In September 1944 he joined Stan Kenton’s Artistry In Rhythm orchestra in the jazz alto chair. Boots said at the time, “Kenton’s arrangements seemed to open up the chords making them sound fuller, richer and more colourful than jazz ever sounded before”. Michael Sparke in his definitive Kenton biography had this to say about him, “Boots was a full-toned, skilful soloist in the Benny Carter tradition who would play an increasingly important role in the band over the next few years. Mussulli was one of the giants of the Artistry orchestra”. He was heavily featured during his first stay with the band which lasted until April 1947 and Balboa Bash, Concerto To End All Concertos, The Man I Love, Southern Scandal, Summertime, Tea For Two, Intermission Riff and Two Moose In A Caboose are all fine examples of his work with Kenton. The latter also featured his good friend Vido Musso who sat next to him in the section. They roomed and hung out together on the road and being heavy-set men of Italian descent, the band referred to them as “the Mafia”.  Musso was apparently not a great reader so would depend on his friend to help him out from time to time. During his time with Kenton, Mussulli was regularly included in the Downbeat and Metronome alto polls. His highest placing was fourth in 1946 and again in 1947. 
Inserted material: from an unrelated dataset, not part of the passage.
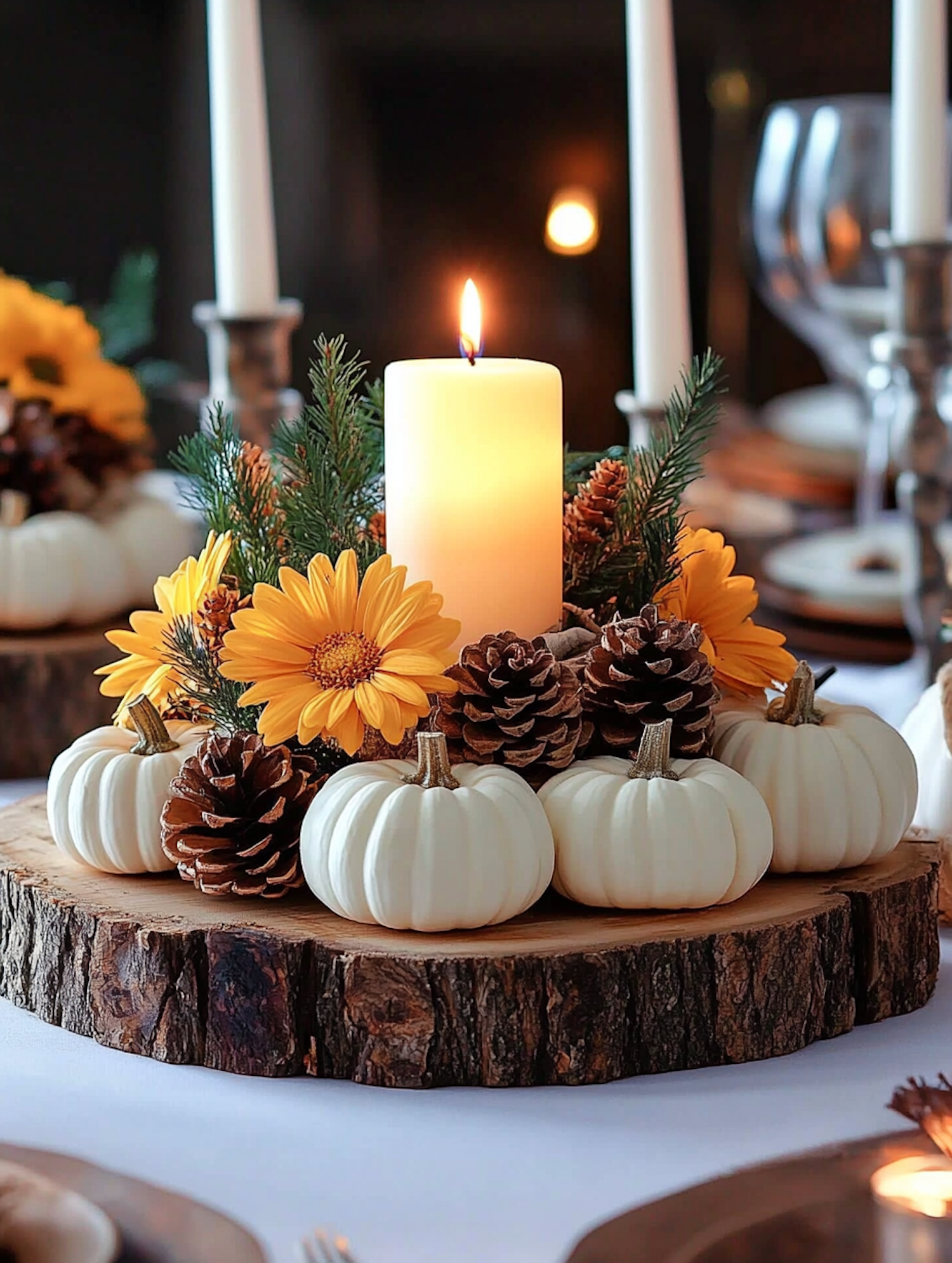 Autumn-themed centerpiece with a lit candle, white pumpkins, pinecones, and yellow flowers on a rustic wooden slab.

Intermission Riff was essentially a head arrangement and remained in the book until its final flowering in 1972 when it was recorded at London’s Fairfield Hall. Al Anthony the lead alto described the genesis of this Kenton classic to Sparke – “Between shows at the Paramount Theatre in New York, Ray Wetzel and the guys would blow to get their chops in shape. He got a riff going and a few days later some trombones joined in. Boots came up with a reed counter-melody and over the weeks we kept adding and adding and voila! We had a great chart that we played on shows and finally recorded in 1945”. It can be heard on Youtube together with Mussulli’s The Man I Love feature. Boots appeared in two brief Kenton films – Artistry In Rhythm (1944) for Universal when Stan Getz was in the section and Let’s Make Rhythm (1947) for RKO. He can also be seen with the band In Talk About A Lady, a full-length 1945 Columbia release featuring Forrest Tucker and the now forgotten Jinx Falkenburg. 


His final solo with the Artistry In Rhythm orchestra was The Fatal Apple on 1 April 1947. The following month Kenton disbanded and then reformed in September under the Progressive Jazz banner. The leader wanted Boots for his ambitious new band but he listened to Rose, his wife who said at the time, “It was fun but living on trains and buses got to be too much”.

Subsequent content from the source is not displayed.